There are cases where a unique element is present multiple times in a single tRNA. This sequence is unique to this tRNA and should be reported in its multiple locations ( same sequence on multiple lines of the output).

This is a command line program, though it does not have any optional parameters. You really don't need the commandline class. Your input comes from STDIN and output goes to STDOUT. Use the FastaReader for input and print statement for output. If you are going to use jupyter to develop your code, you can add a filename to fastareader for your testing.

## Submission

Submit code using Canvas. As always, work with your group and write your own code.

## Inspection Intro
I want the team to focus on readability and accuracey of the output results. I want feedback on if my current code is easy to follow and understand or if not, what can I do to improve the code.

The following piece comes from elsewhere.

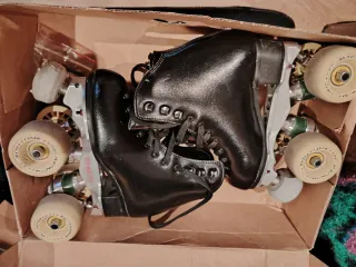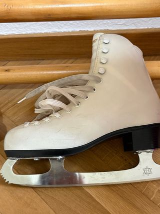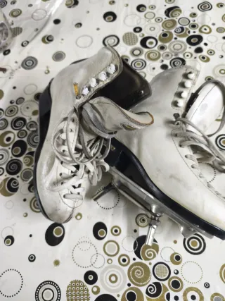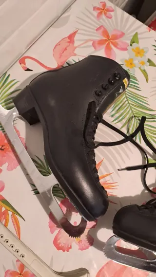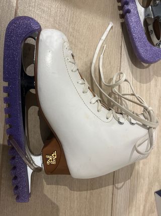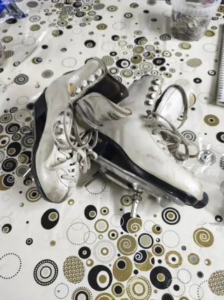 Vendo pattini da pattinaggio artistico Risport Venus taglia 260, con placca Elyo STD taglia 15. Sono stati usati solo una stagione, quindi l'interno è rigido e in ottime condizioni, mantenendo perfettamente la tenuta del piede. L'esterno presenta lievi segni normali di utilizzo, puramente estetici, ma è strutturalmente perfetto. ⚠️ Importante: uno dei lacci è rotto e dovrebbe essere sostituito (dettaglio facile ed economico). Ideali per pattinatrici di livello principiante-intermedio che cercano materiale di qualità senza pagare di nuovo. Si vendono come si vedono nelle foto. Per qualsiasi domanda, scrivimi 😊

I would like input on whether the outputs are correct or if there are still bugs I have yet to catch.

In [1]:
#!/usr/bin/env python3
# Name: Fan Xia (fxia)
# Group Members: Jorge Gomez Ortega (jgomezor), Nishal Naicker (nnaicker), and Rachana Baskar(rbaskar)

import sys
class FastAreader :
    ''' 
    Define objects to read FastA files.
    
    instantiation: 
    thisReader = FastAreader ('testTiny.fa')
    usage:
    for head, seq in thisReader.readFasta():
        print (head,seq)
    '''
    def __init__ (self, fname=''):
        '''contructor: saves attribute fname '''
        self.fname = fname
            
    def doOpen (self):
        ''' Handle file opens, allowing STDIN.'''
        if self.fname == '':
            return sys.stdin
        else:
            return open(self.fname)
        
    def readFasta (self):
        ''' Read an entire FastA record and return the sequence header/sequence'''
        header = ''
        sequence = ''
        
        with self.doOpen() as fileH:
            
            header = ''
            sequence = ''
            
            # skip to first fasta header
            line = fileH.readline()
            while not line.startswith('>') :
                if not line: # we are at EOF
                    return header, sequence
                line = fileH.readline()
            header = line[1:].rstrip()

            for line in fileH:
                if line.startswith ('>'):
                    yield header,sequence
                    header = line[1:].rstrip()
                    sequence = ''
                else :
                    sequence += ''.join(line.rstrip().split()).upper()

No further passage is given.